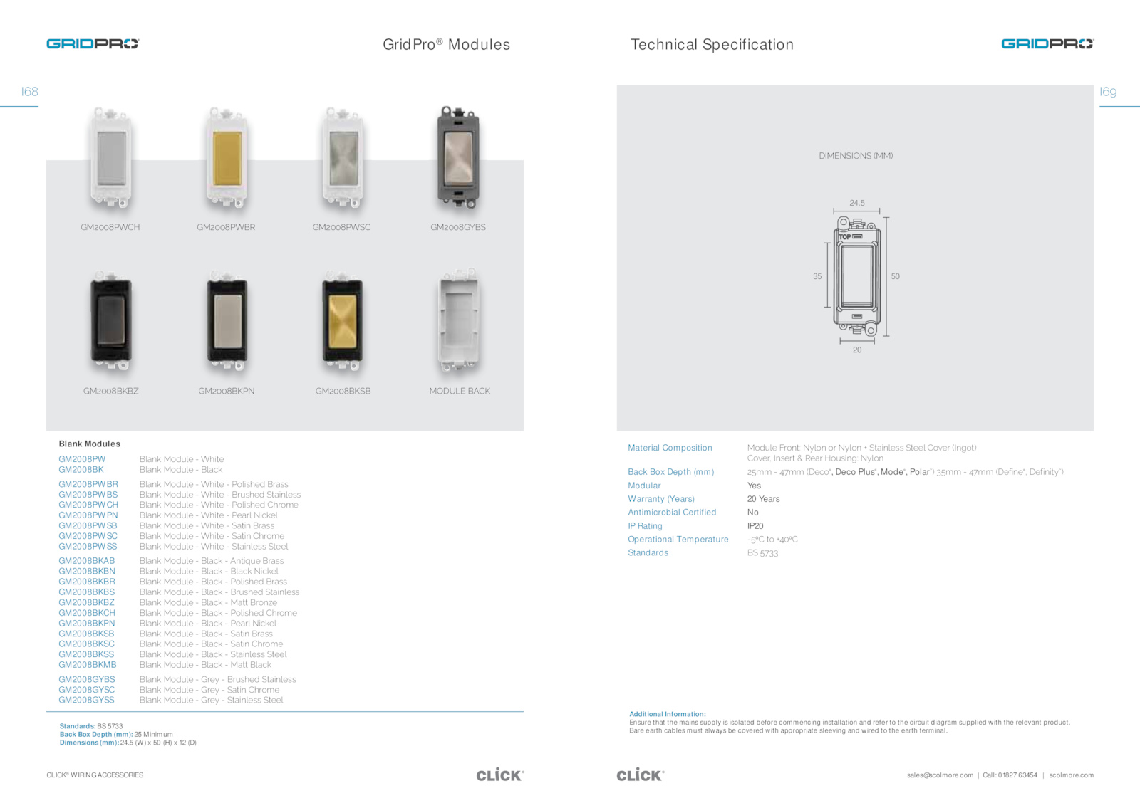 5 35 20 50 .com CLICK® WIRING ACCESSORIES N̋̎ N̋̍ Additional Information: Ensure that the mains supply isolated before commencing installation and refer the circuit diagram supplied with the relevant product.sales@scolmore.5 (W) (H) (D) Blank Modules GM2008PW ʼnåœņ΄iŜĈƞʼnĎ΄Ͳ΄ÎĮijƖĎ GM2008BK ʼnåœņ΄iŜĈƞʼnĎ΄Ͳ΄ʼnåāņ GM2008PWBR ʼnåœņ΄iŜĈƞʼnĎ΄Ͳ΄ÎĮijƖĎ΄Ͳ΄ŜʼnijƊĮĎĈ΄ƂåƊƊ GM2008PWBS ʼnåœņ΄iŜĈƞʼnĎ΄Ͳ΄ÎĮijƖĎ΄Ͳ΄ƂƞƊĮĎĈ΄¢ƖåijœʼnĎƊƊ GM2008PWCH ʼnåœņ΄iŜĈƞʼnĎ΄Ͳ΄ÎĮijƖĎ΄Ͳ΄ŜʼnijƊĮĎĈ΄ĮƂŜőĎ GM2008PWPN ʼnåœņ΄iŜĈƞʼnĎ΄Ͳ΄ÎĮijƖĎ΄Ͳ΄ĎåƂʼn΄kijāņĎʼn GM2008PWSB ʼnåœņ΄iŜĈƞʼnĎ΄Ͳ΄ÎĮijƖĎ΄Ͳ΄¢åƖijœ΄ƂåƊƊ GM2008PWSC ʼnåœņ΄iŜĈƞʼnĎ΄Ͳ΄ÎĮijƖĎ΄Ͳ΄¢åƖijœ΄ĮƂŜőĎ GM2008PWSS ʼnåœņ΄iŜĈƞʼnĎ΄Ͳ΄ÎĮijƖĎ΄Ͳ΄¢ƖåijœʼnĎƊƊ΄¢ƖĎĎʼn Bi̇̅̅̍_Þ Bi̇̅̅̍_k Bi̇̅̅̍_¢ GM2008BKAB ʼnåœņ΄iŜĈƞʼnĎ΄Ͳ΄ʼnåāņ΄Ͳ΄œƖijƁƞĎ΄ƂåƊƊ GM2008BKBN ʼnåœņ΄iŜĈƞʼnĎ΄Ͳ΄ʼnåāņ΄Ͳ΄ʼnåāņ΄kijāņĎʼn GM2008BKBR ʼnåœņ΄iŜĈƞʼnĎ΄Ͳ΄ʼnåāņ΄Ͳ΄ŜʼnijƊĮĎĈ΄ƂåƊƊ GM2008BKBS ʼnåœņ΄iŜĈƞʼnĎ΄Ͳ΄ʼnåāņ΄Ͳ΄ƂƞƊĮĎĈ΄¢ƖåijœʼnĎƊƊ GM2008BKBZ ʼnåœņ΄iŜĈƞʼnĎ΄Ͳ΄ʼnåāņ΄Ͳ΄iåƖƖ΄ƂŜœdžĎ GM2008BKCH ʼnåœņ΄iŜĈƞʼnĎ΄Ͳ΄ʼnåāņ΄Ͳ΄ŜʼnijƊĮĎĈ΄ĮƂŜőĎ GM2008BKPN ʼnåœņ΄iŜĈƞʼnĎ΄Ͳ΄ʼnåāņ΄Ͳ΄ĎåƂʼn΄kijāņĎʼn GM2008BKSB ʼnåœņ΄iŜĈƞʼnĎ΄Ͳ΄ʼnåāņ΄Ͳ΄¢åƖijœ΄ƂåƊƊ GM2008BKSC ʼnåœņ΄iŜĈƞʼnĎ΄Ͳ΄ʼnåāņ΄Ͳ΄¢åƖijœ΄ĮƂŜőĎ GM2008BKSS ʼnåœņ΄iŜĈƞʼnĎ΄Ͳ΄ʼnåāņ΄Ͳ΄¢ƖåijœʼnĎƊƊ΄¢ƖĎĎʼn GM2008BKMB ʼnåœņ΄iŜĈƞʼnĎ΄Ͳ΄ʼnåāņ΄Ͳ΄iåƖƖ΄ʼnåāņ GM2008GYBS ʼnåœņ΄iŜĈƞʼnĎ΄Ͳ΄BƂĎƼ΄Ͳ΄ƂƞƊĮĎĈ΄¢ƖåijœʼnĎƊƊ GM2008GYSC ʼnåœņ΄iŜĈƞʼnĎ΄Ͳ΄BƂĎƼ΄Ͳ΄¢åƖijœ΄ĮƂŜőĎ GM2008GYSS ʼnåœņ΄iŜĈƞʼnĎ΄Ͳ΄BƂĎƼ΄Ͳ΄¢ƖåijœʼnĎƊƊ΄¢ƖĎĎʼn $Ni*k¢Ntk¢΄ͬiiͭ 24. Material Composition iŜĈƞʼnĎ΄AƂŜœƖ͙΄kƼʼnŜœ΄ŜƂ΄kƼʼnŜœ΄Τ΄¢ƖåijœʼnĎƊƊ΄¢ƖĎĎʼn΄ŜƵĎƂ΄ͬNœħŜƖͭ ŜƵĎƂ͚΄NœƊĎƂƖ΄π΄ĎåƂ΄IŜƞƊijœħ͙΄kƼʼnŜœ Back Box Depth (mm) ̇̊őő΄Ͳ΄̉̌őő΄ͬ$ĎāŜ® , Deco Plus® , Mode® , Polarυ ͭ΄̈̊őő΄Ͳ΄̉̌őő΄ͬ$ĎĦijœĎ® ͚΄$ĎĦijœijƖƼυ ͭ Modular Yes Warranty (Years) Years Antimicrobial Certified No IP Rating IP20 Operational Temperature Ͳ̊o ΄ƖŜ΄Τ̉̅o Standards ¢΄̊̌̈̈ Technical Specification GridPro® Modules it$¶a*΄_ Bi̇̅̅̍Î Bi̇̅̅̍΢ Bi̇̅̅̍BÔ¢ Bi̇̅̅̍ÎI ̍BÔ¢ Standards: 5733 Back Box Depth (mm): Minimum Dimensions (mm): 24.com Call: 01827 63454 scolmore. Bare earth cables must always covered with appropriate sleeving and wired the earth terminal
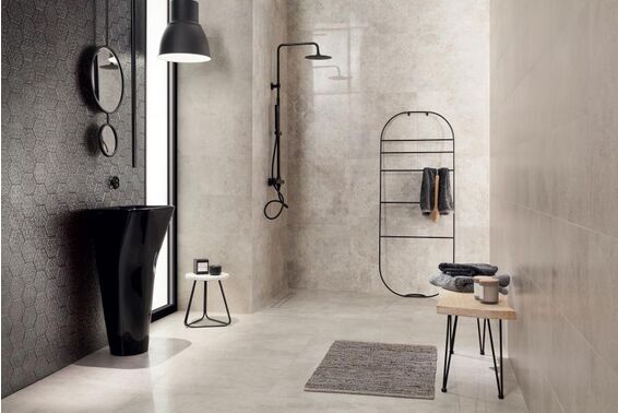 Dzięki rektyfikowanym płytkom ściennym z kolekcji Tubądzin Terraform można uzyskać precyzyjne i estetyczne połączenia między poszczególnymi elementami. Ich dokładnie obcięte krawędzie umożliwiają układanie płytek w sposób płynny i równy, co daje efekt harmonijnej powierzchni.
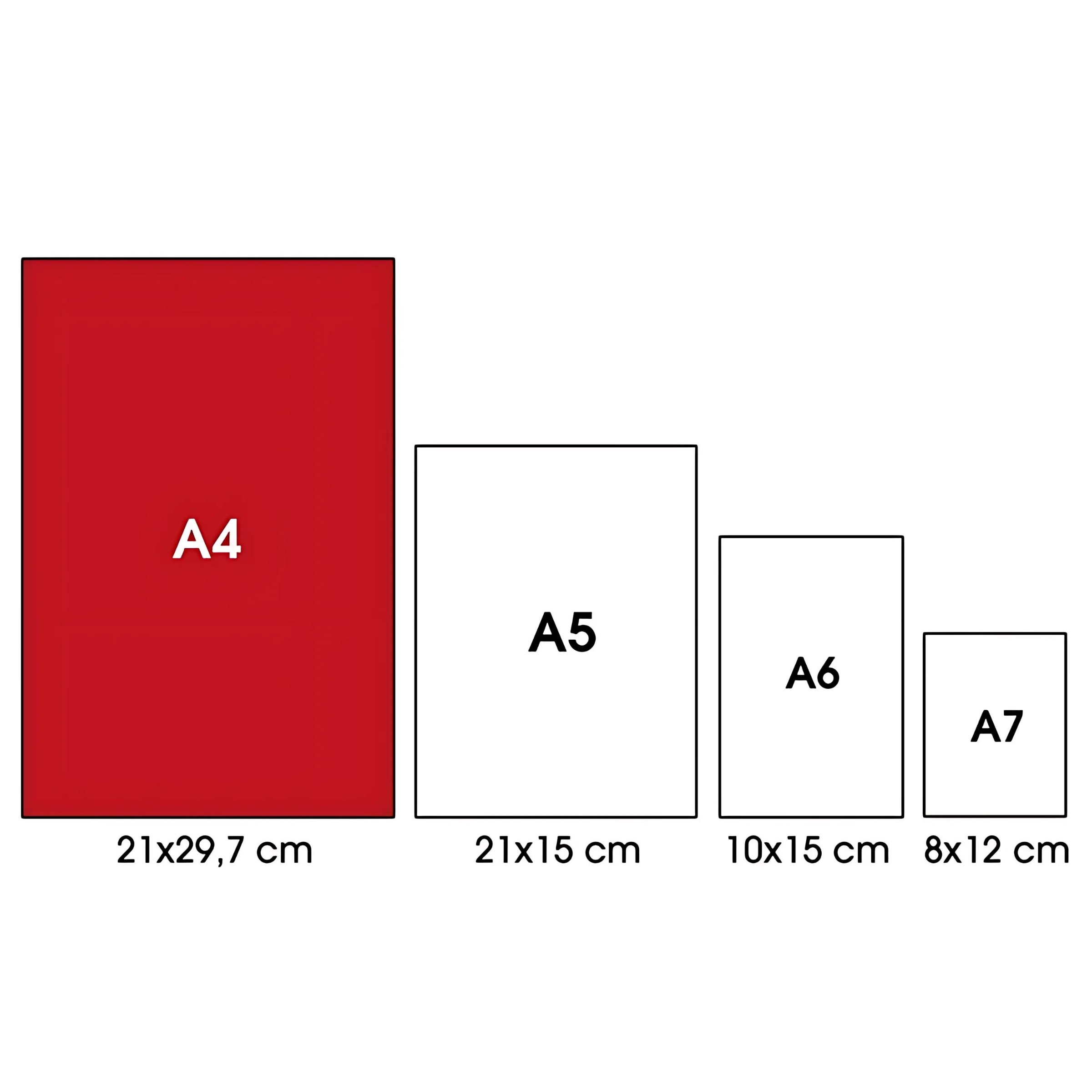 • Formato A4 : Grazie alle sue dimensioni generose, il formato A4 (210x297 mm) è perfetto per prendere appunti dettagliati, schizzi o annotazioni importanti. Si adatta perfettamente all'uso in ufficio, a scuola o per progetti personali.
================================
◆ TO DO
The answer must be an exact copy of the lines from the one that holds "Dzięki rektyfikowanym płytkom" through the end of the data, both included, with no pictures.

◆ WRITTEN REPLY
 Dzięki rektyfikowanym płytkom ściennym z kolekcji Tubądzin Terraform można uzyskać precyzyjne i estetyczne połączenia między poszczególnymi elementami. Ich dokładnie obcięte krawędzie umożliwiają układanie płytek w sposób płynny i równy, co daje efekt harmonijnej powierzchni.
 • Formato A4 : Grazie alle sue dimensioni generose, il formato A4 (210x297 mm) è perfetto per prendere appunti dettagliati, schizzi o annotazioni importanti. Si adatta perfettamente all'uso in ufficio, a scuola o per progetti personali.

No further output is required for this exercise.